Here's what it's trying to show us. That the people who wreck their life are not just the worst of us, but the very best of us. No one is immune from these things. You are not immune from these things. This is why Peter warns us in 1st Peter 5:8.
Be sober minded, be watchful for your adversary. The devil prowls around like a roaring lion seeking someone to devour.
Just watch National Geographic. Who does the lion go for first that person that's alone or that animal that's alone, you alone is the wrong tool for the task of keeping your heart. You alone are not up to the task because it's not an individual sport. It's more than a one person job. It actually takes a team to do it.
So Genesis 2:18 warns us, it is not good that man should be alone. The task cannot be done alone because the task requires God's people. It requires people like you need people in your life to do this task. And here's the great news. God has given you the tool that you need for the task because he has given you the church.
He's given you a local church. Now think about the storyline of the Bible. Even before there was the sin of our first parents in Genesis 3, God had a plan. And God's plan was a rescue plan. His plan was to fix what sin had broken and to straighten out what sin had been.
His plan was to save not just a person, but a people. And then those people that he would save, he's going to gather them into local churches so that they would do life together. That has been God's plans from day one. I'm going to save a people. Those people are going to assemble and gather in local churches, just like Stonegate, just like First Baptist, Midlothian, just like Midlothian Bible Church and the various churches around here that God's people would gather together, these redeemed rescue people in churches just like that.
This is why when you read the Bible, you're going to find that the Scriptures have no concept. It just. It would never occur to anyone in the Bible that a Christian would live a life disconnected from a local church. There's just not a framework to even think about that in the Bible. Because the assumption in the Bible is every Christian is going to have their life tethered to a local church.

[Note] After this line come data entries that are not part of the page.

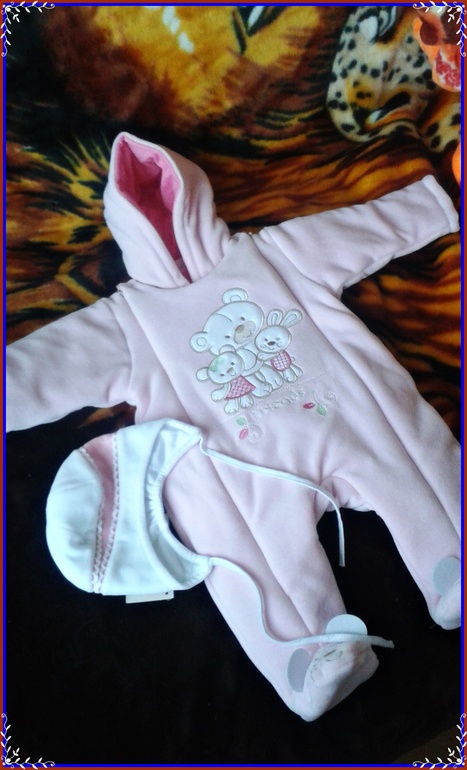 А наверх утепленный комбинезон с теплой шапочкой тоже розового цвета:
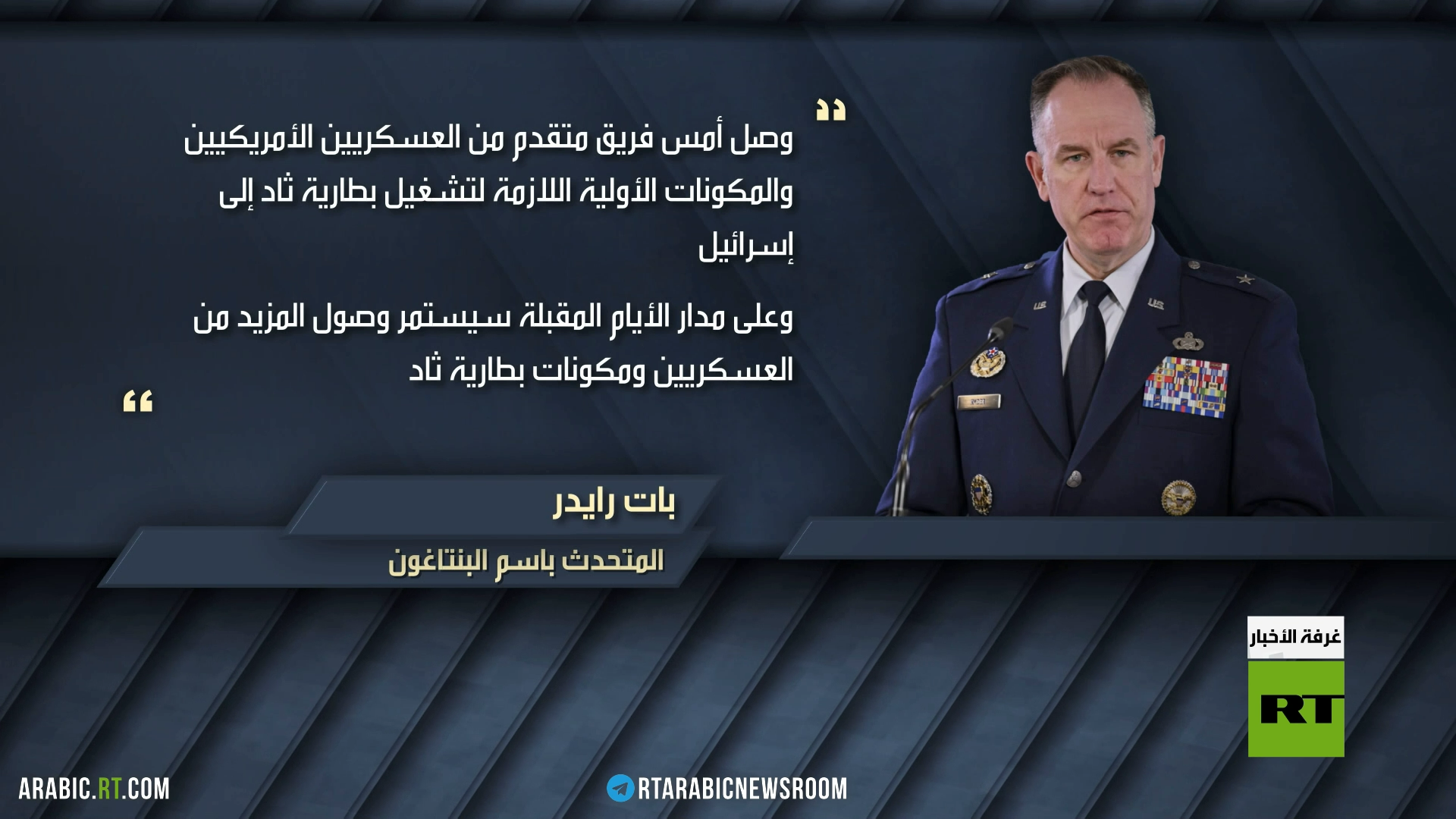 أعلنت وزارة الدفاع الأمريكية إرسال بطارية دفاع جوي صاروخية من منظومة "ثاد" إلى إسرائيل، إلى جانب فريق من القوات اللازمة لتشغيلها.
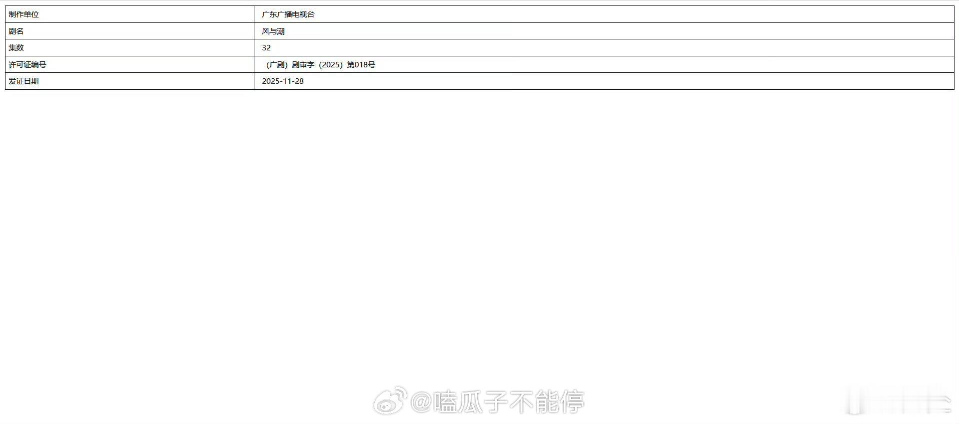 任嘉伦风与潮取得发行许可证了
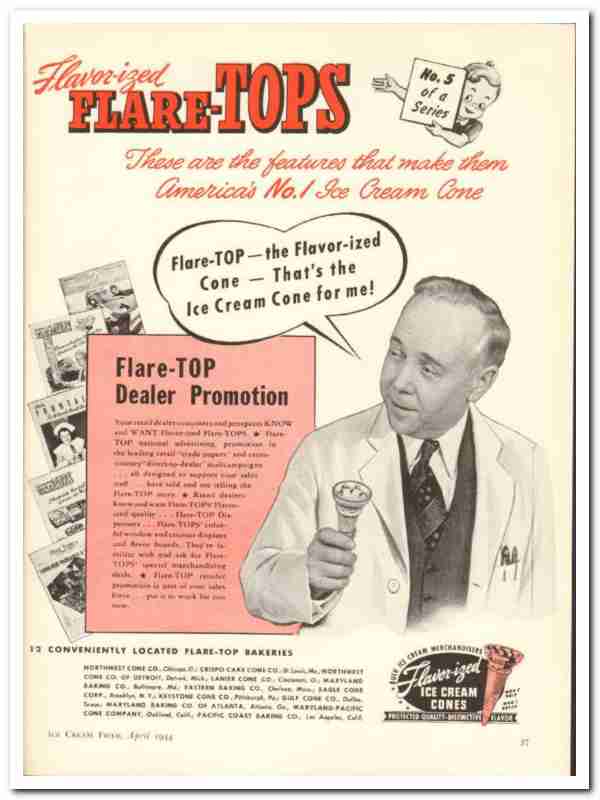 Original ice cream trade vintage ad for FLARE-TOP CONE ..
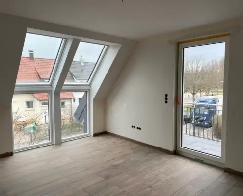 Das Architekturbüro schrammARCHITEKTEN wurde mit dem Entwurf für ein Neubau in Böblingen beauftragt. Das Gebäude soll möglichst viel Wohnfläche für eine große Familie bieten. Dazu musste eine Lösung für das Dachgeschoss gefunden werden, die maximalen Raumgewinn ermöglicht, wobei laut Bebauungsplan keine Dachaufbauten zulässig sind. Durch den Einsatz von Panorama- und Kniestockfenstern wird der Bauherrenwunsch dennoch erfüllt. Es ergeben sich sehr helle und großzügige Zimmer unter dem Dach.
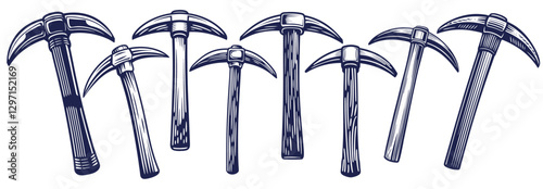 Different types of pickaxes are presented, showcasing various designs and materials, ideal for illustrations related to mining, crafting, or historical tools
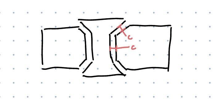 , spaced (36mm + 2 _ clearance) apart. I then extruded them in a spool shape (with the inner cylinder going clearance _ sqrt(2)

Now let me just pause here for a moment because our culture works really hard to convince you otherwise. We live in what you might call an individualistic culture. And that culture is not neutral. That culture is doing things. It's teaching you things.
It's working very hard to disciple you in how it sees the world. And this is one of the ways that our individualistic culture disciples Christians. It convinces Christians that here is how you do life with Jesus. It's you and it's Jesus. The church is optional.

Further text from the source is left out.